Dataset items:
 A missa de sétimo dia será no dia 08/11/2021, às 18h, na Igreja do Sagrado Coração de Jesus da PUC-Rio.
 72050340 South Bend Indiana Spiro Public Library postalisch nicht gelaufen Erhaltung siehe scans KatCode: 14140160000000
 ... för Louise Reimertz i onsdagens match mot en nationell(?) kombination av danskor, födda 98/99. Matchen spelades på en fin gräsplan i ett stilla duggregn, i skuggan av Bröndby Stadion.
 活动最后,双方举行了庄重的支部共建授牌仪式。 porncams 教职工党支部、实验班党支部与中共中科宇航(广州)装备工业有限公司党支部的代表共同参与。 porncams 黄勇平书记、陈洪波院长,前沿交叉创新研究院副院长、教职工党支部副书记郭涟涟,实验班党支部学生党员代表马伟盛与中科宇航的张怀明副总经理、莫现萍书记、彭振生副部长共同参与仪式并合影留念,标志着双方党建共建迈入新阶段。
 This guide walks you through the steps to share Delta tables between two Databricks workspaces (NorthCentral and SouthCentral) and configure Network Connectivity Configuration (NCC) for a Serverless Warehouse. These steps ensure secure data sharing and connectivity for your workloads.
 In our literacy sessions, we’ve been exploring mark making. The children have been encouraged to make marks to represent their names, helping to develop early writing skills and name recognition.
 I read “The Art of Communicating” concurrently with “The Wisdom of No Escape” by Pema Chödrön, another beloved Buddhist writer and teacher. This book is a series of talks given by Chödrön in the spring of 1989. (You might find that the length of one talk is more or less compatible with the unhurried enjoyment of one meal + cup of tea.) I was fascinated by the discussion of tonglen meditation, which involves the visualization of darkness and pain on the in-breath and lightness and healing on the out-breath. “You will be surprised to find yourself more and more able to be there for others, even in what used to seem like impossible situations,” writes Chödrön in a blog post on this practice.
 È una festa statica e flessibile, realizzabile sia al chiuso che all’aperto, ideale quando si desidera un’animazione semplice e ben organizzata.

• **Task item**
Out of the data above, transcribe exactly and only the lines starting with the line that has "porncams 教职工党支部、实验班党支部与中共中科宇航(广州)装备工业有限公司党支部的代表共同参与。 porncams" and going on through the line that has "This guide walks", both included.

• **Written solution**
 活动最后,双方举行了庄重的支部共建授牌仪式。 porncams 教职工党支部、实验班党支部与中共中科宇航(广州)装备工业有限公司党支部的代表共同参与。 porncams 黄勇平书记、陈洪波院长,前沿交叉创新研究院副院长、教职工党支部副书记郭涟涟,实验班党支部学生党员代表马伟盛与中科宇航的张怀明副总经理、莫现萍书记、彭振生副部长共同参与仪式并合影留念,标志着双方党建共建迈入新阶段。
 This guide walks you through the steps to share Delta tables between two Databricks workspaces (NorthCentral and SouthCentral) and configure Network Connectivity Configuration (NCC) for a Serverless Warehouse. These steps ensure secure data sharing and connectivity for your workloads.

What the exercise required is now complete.